Calculating the expected value and standard error in the above example is not that difficult. You will be doing this as a homework assignment for this chapter. The key is to find the variance of \(\bar x\). That is, find \(V(\bar x)\) first. Then take the square root of it to find the SE.

All the plot and the definitions look very good, except that we have a major problem in our hand. The next section will expore those issues.

2.2 Some Questions to Ponder

1. Is it practically possible to know  the shape of the sampling distribution
of a statatistic?

Answer - PART 1: In general, no.

Why?

Think about the process of constructing a sampling distribution. It require us to draw a LOT of samples from a population. Now imagine the time, energy and the costs associated with this process in real life. For example, suppose you want to know the sampling distribution of the average commute times in NYC for samples of size \(n=30\). You’ll have to visit the subway stations (randomly) and interview 30 people (randomly) to gather information about their commute times. Then, you need to do this again and again for about 10,000 times! This is highly impractical and time consuming. In fact, if you think about it, it is a complete waste of your time and resources. Because, you could have simply taken a large sample of size 30,000 instead of 10,000 samples of size 30! Now you might wonder how do we even attempt to find this sampling distrubution. That’s the second part of the answer.

Answer - PART 2: In some special cases we can find it.

How?

Long time ago (a very long time ago), statisticians have figured out that the statistics like the sample mean (averages in general), have a sampling ditribution which is normally distributed under some conditions. This fact is one of the celebrated theorems in statistics. It is called the Central Limit Theorem. It says that the sample mean \(\bar x\) follows a normal model with center beign at the true population mean. More precisely,
\[ \bar x \sim N(\mu , \frac{\sigma}{\sqrt n})\]

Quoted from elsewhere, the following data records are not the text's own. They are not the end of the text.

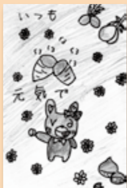
▶鉄先 未悠 (小学6年生)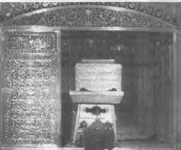
Истанбул шаҳридаги Тўпқопи музейида хирқаи шариф сақланаётган сандиқ

Аллоҳ таолога ҳамду санолар, Муҳаммад Пайғамбаримизга (алайҳиссалом) дуруду саловотлар бўлсин.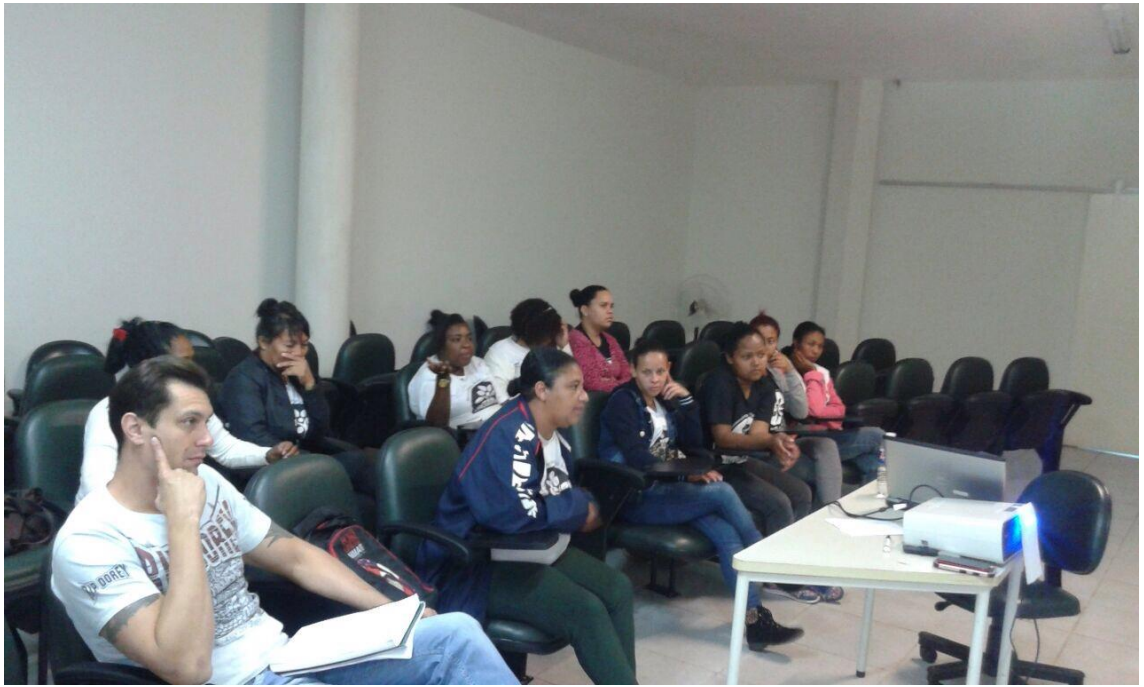
Figura 2 – Participantes do treinamento realizado pelo NEA.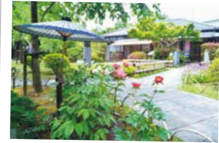
32 庭園と屋敷林が調和する 抹茶亭

かつて抹茶を作っていた場所で、一年を通して四季を感じる様々なイベントが催されています。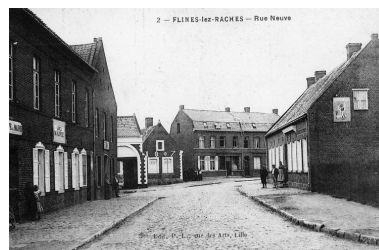
Vue générale de la rue Neuve au début du 20e siècle. IVR31_20075900214NUCB

We will be studying this in Chapter 3.

Note: There are other statistics whose sampling distributions can be found usingtheoretical tools that are beyond the scope of this class. Math 351 and Math 352 is where we study them.

2. Is it possible to calculate the center (expected value), and standard error (SE) 
of a sampling distribution?

Answer: In some cases, yes, we can find it.

For example, we already found this for \(\bar x\). As for the sample maximum , we can find the expected value and SE for the with some other tools that are beyond the scoope of this class.

In some cases, it is imposible to do this. This leads us to the final question.

3. Is there a reasonable way to get some sense about the shape, center, and spread 
of the sampling distribution of a statistics?

Answer: Yes.

We appeal to a more modern method called the bootstrap method. We are going to learn this in Chapter 4.